The repair or replacement of damaged tissues using in vitro strategies has focused on manipulation of the cell environment by modulation of cell-extracellular matrix interactions, cell-cell interactions, or soluble stimuli. Development of functional tissue substitutes through 'tissue engineering' has been facilitated by the ability to control each of these environmental influences;​ however, in co-culture systems with two or more cell types, cell-cell interactions have been difficult to manipulate precisely. These interactions are important in normal physiology of many organ systems, in embryogenesis where differentiation cues are determined by the local cellular microenvironment, and implicated in the pathophysiology of certain diseases. The ability to spatially control cells at the single cell level using micropatterning would allow the precise manipulation of cell-cell interactions of interest.
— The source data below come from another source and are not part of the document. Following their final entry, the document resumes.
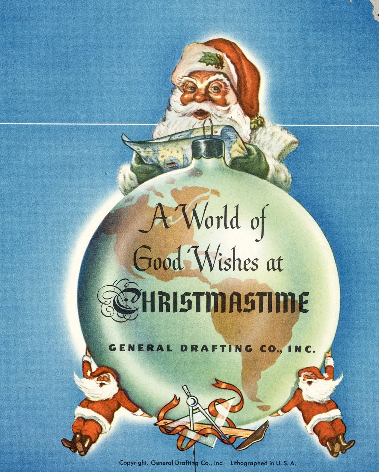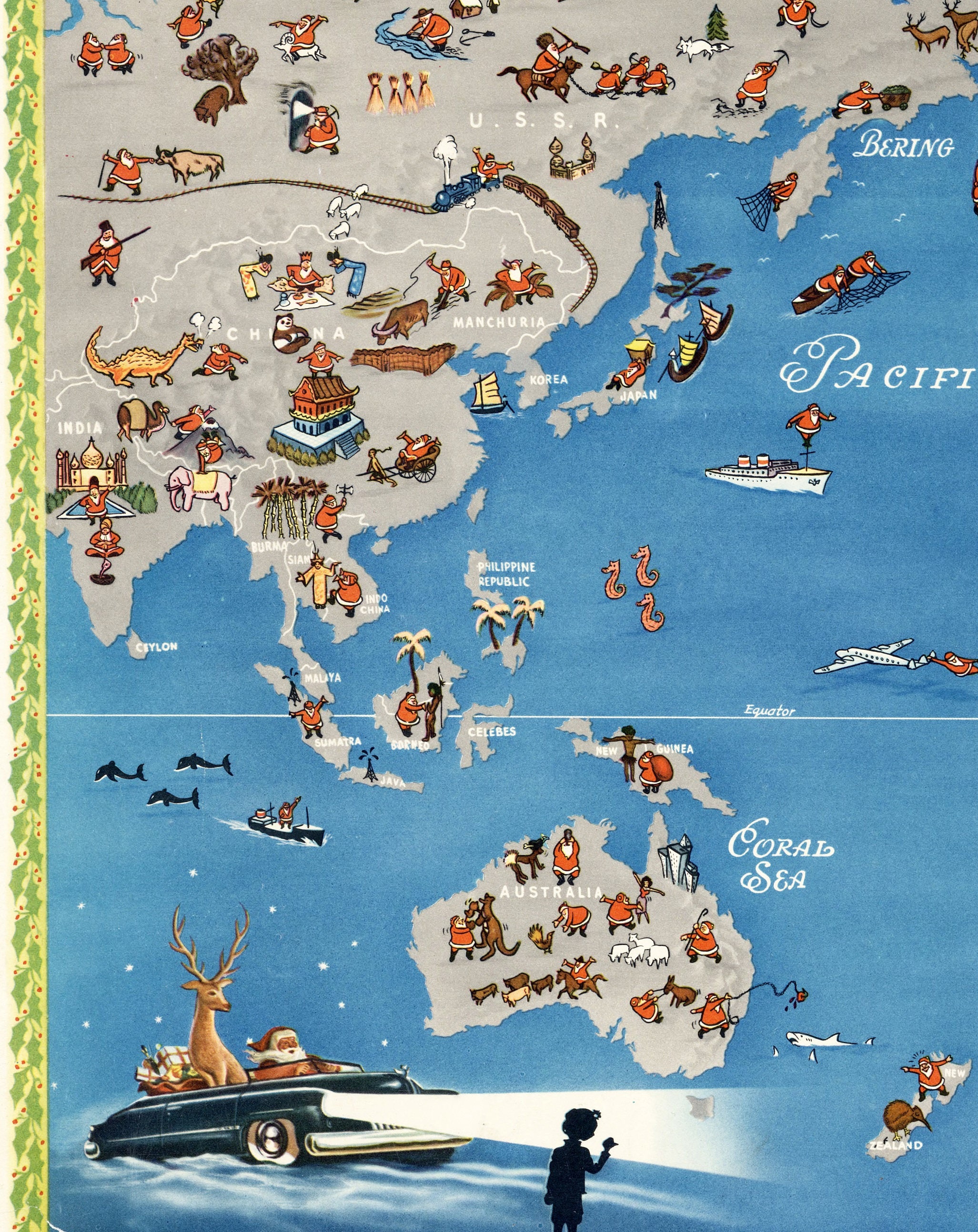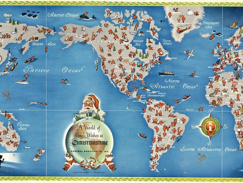 Great MERRY CHRISTMAS map with many Santa Claus on every continent!
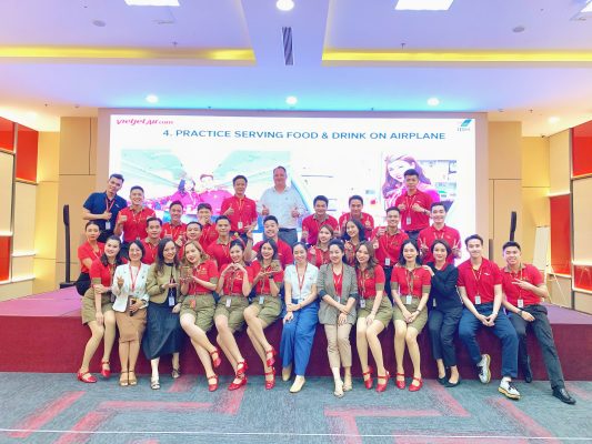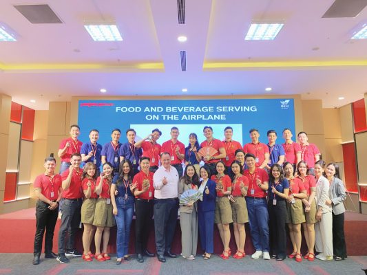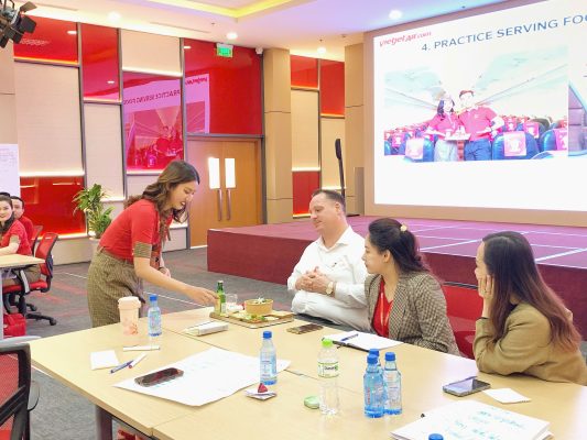 On November 14-15, 2024, IBH Academy successfully conducted a training course for nearly 100 flight attendants from VietjetAir on the topic of “Food and Beverage Serving on the Airplane” at Vietjet Aviation Academy. The course provided knowledge of 5-star F&B service practices to create a personalized experience for passengers, especially at Business Class.
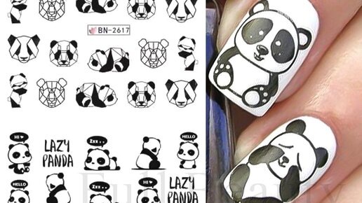 Милый рисунок панды стикер для дизайна ногтей водная наклейка
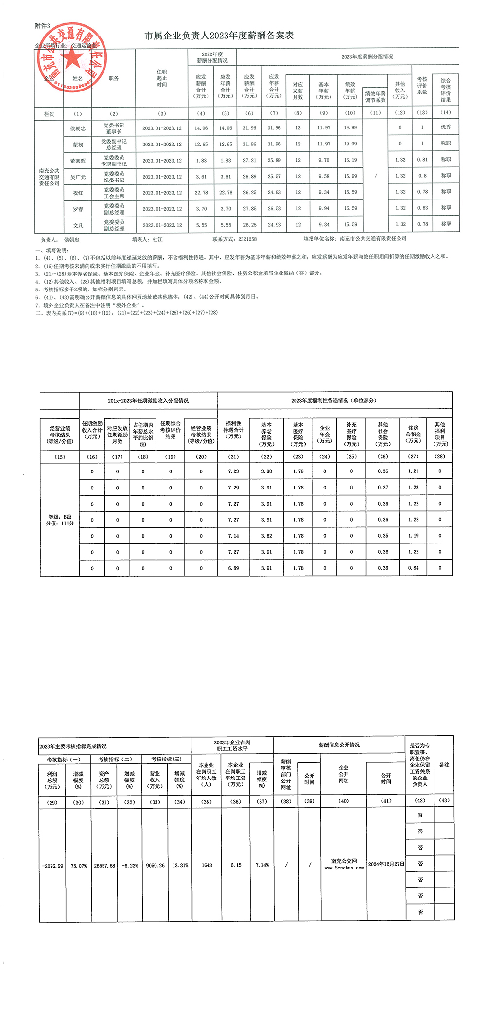 市屬企業(yè)負(fù)責(zé)人2023年度薪酬備案表
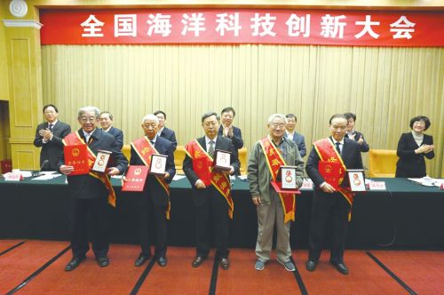 日前,在全国海洋科技创新大会上,国家海洋局向海洋领域29位资深院士颁发“终身奉献海洋”纪念奖章,中科院海洋所胡敦欣院士、郑守仪院士获此殊荣。
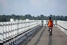Cycling is a recreation, a sport and a means of transport across land. It involves riding bicycles, unicycles, tricycles and other human powered vehicles (HPVs). A bicycle is a pedal-driven land vehicle with two wheels attached to a frame, one behind the other.
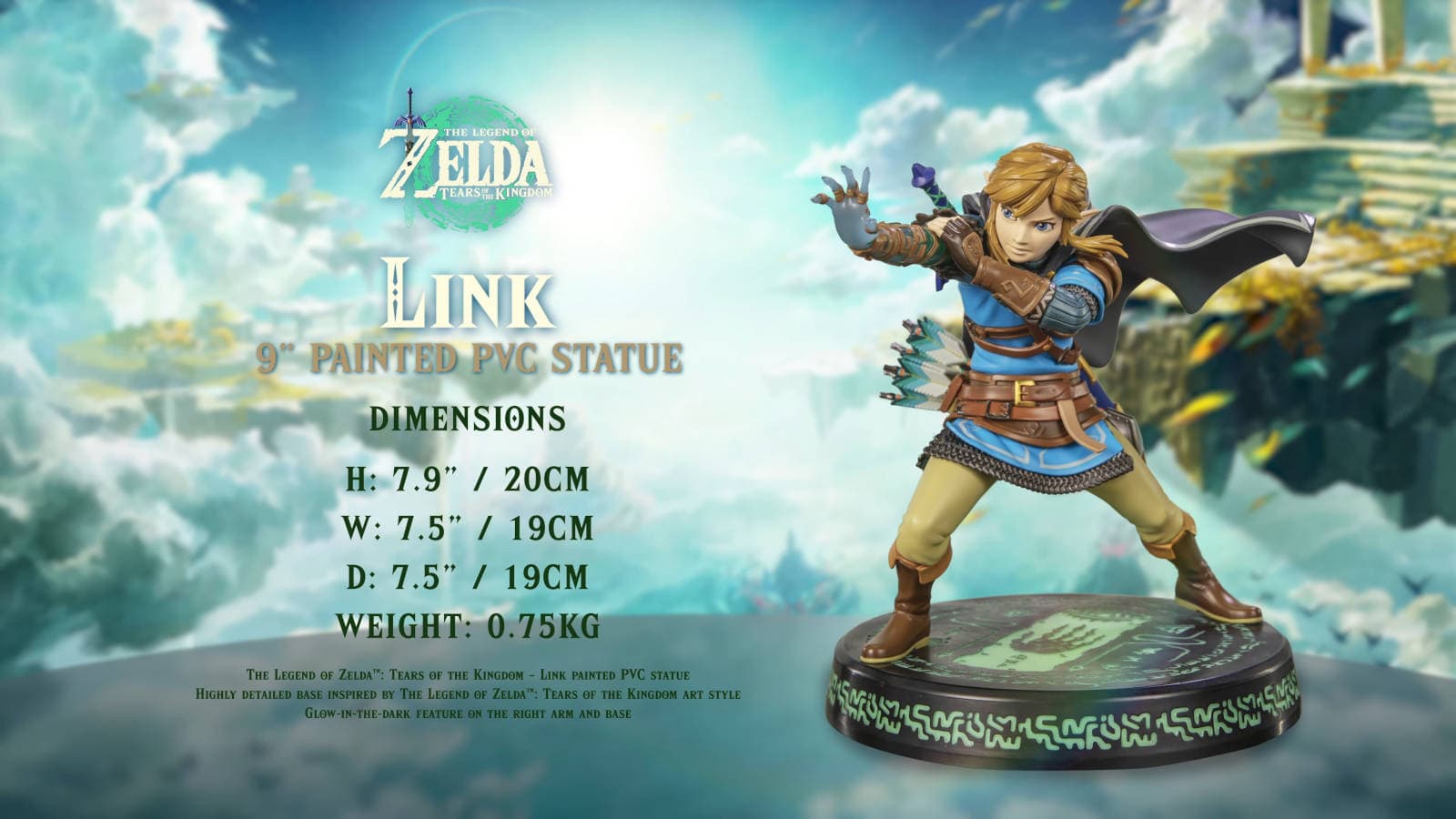La altura del héroe de Hyrule, fabricado en cloruro de polivinilo, es de 20 cm, la anchura de 19 cm, la profundidad de 19 cm y el peso de 0,75 kg. Dado que se trata de un trabajo de First 4 Figures, lo más probable es que haya versiones estándar, exclusiva y definitiva de la estatua.

We have developed an adaptable method for generating two-dimensional, anisotropic model surfaces capable of organizing two different cell types in discrete spatial locations. We have chosen a primary rat hepatocyte/3T3 fibroblast cell system due to its potential clinical significance in bioartificial liver design and also based on widely reported interactions observed in this co-culture model. We have used photolithography to pattern biomolecules (collagen 1) on glass which mediates cell adhesion of the first cell type, hepatocytes, followed by non specific, serum-mediated attachment of fibroblasts to the remaining unmodified areas. This co-culture technique allowed the manipulation of the initial cellular microenvironment without variation of cell number. Specifically, we were able to control the level of homotypic and heterotypic interactions in co-cultures over a wide range.

Modulation of initial cell-cell interactions was found to have significant effects on liver-specific markers of metabolic, synthetic, and excretory function. In particular, 2 to 3-fold variations in steady-state levels of representative hepatocellular functions were achieved from identical numbers of cells. Furthermore, our results indicated that the use of microfabrication to control cell-cell interactions may allow modulation over the kinetics of functional up-regulation;​ in fact, micropatterned co-cultures displayed increased levels urea synthesis up to 1 week earlier than randomly distributed, unpatterned co-cultures with the same cellular constituents. Our data indicate that control over cell-cell interactions will allow the control of bulk tissue function based on the local microenvironments.

The mechanisms by which hepatocytes and fibroblasts interact to produce a differentiated hepatocyte phenotype were also investigated. Variations in bulk tissue function were due to spatial heterogeneity in the pattern of induction of hepatocyte differentiation within a hepatocyte population due to interaction with mesenchymal cells. We found that hepatocytes adjacent to the heterotypic expressed increased levels of intracellular albumin (a marker of hepatic synthetic function);​ whereas, hepatocytes far from the heterotypic interface contained undetectable levels of albumin. Although the actual molecular basis of this signaling was not identified, our experimental results indicated that the source of the observed induction pattern was a tightly cell-associated fibroblast product.

Clinical implementation of a co-culture based, bioartificial liver requires optimization of hepatic function based on fibroblast number and various bioreactor design constraints. To this end, we utilized microfabrication to achieve a reduction in fibroblast number while preserving the heterotypic interface. We determined that fibroblast number could be reduced by twelve-fold with only a modest reduction in hepatic tissue function. These data were combined with a simple model of oxygen transport and viscous energy losses in a hypothetical multi-unit bioreactor, to determine design criteria for a microfabricated, co-culture based bioartificial liver. This general approach has potential applications in many areas of tissue engineering, implantation biology, and developmental biology, both in the arena of basic science and in the development of cellular therapeutics.